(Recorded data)

-=-=-

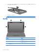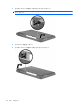 메모리 모듈함, SIM 카드 삽입 슬롯, 규정 레이블 및 기타 중요한 부품에 액세스한 후 배니티 덮개를
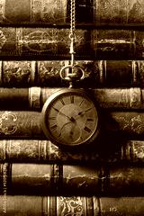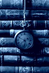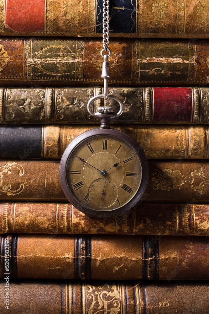 Vintage pocket watch with old books. Still life
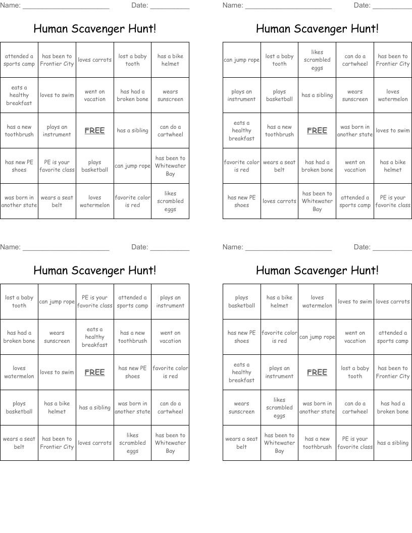 Human Scavenger Hunt! Bingo Cards - Wordmint in Scavenger Hunt Bingo Cards
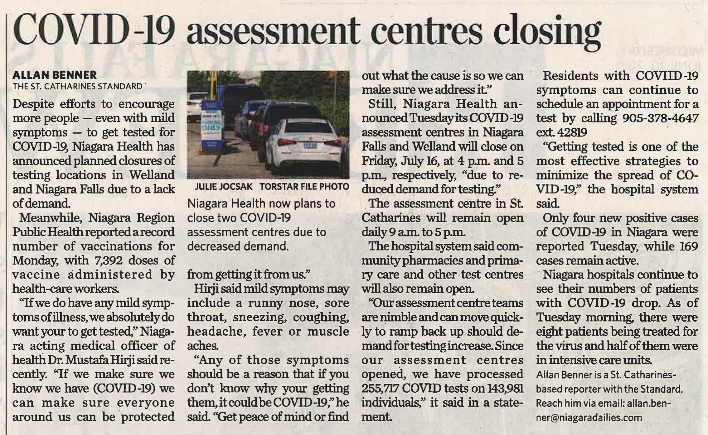 COVID-19 assessment centres closing
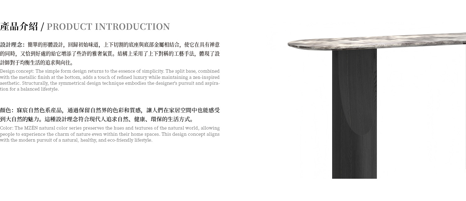玄關檯面為爵士白大理石,腿部為白蠟木實木開放漆黑橡色,腳墊採用 304 拉絲不鏽鋼。

-=-=-

When the line containing "Human Scavenger Hunt!" has been located, retype it and each line after it through the end of the records, excluding the pictures and adding nothing else.

Answer to this problem>
 Human Scavenger Hunt! Bingo Cards - Wordmint in Scavenger Hunt Bingo Cards
 COVID-19 assessment centres closing
玄關檯面為爵士白大理石,腿部為白蠟木實木開放漆黑橡色,腳墊採用 304 拉絲不鏽鋼。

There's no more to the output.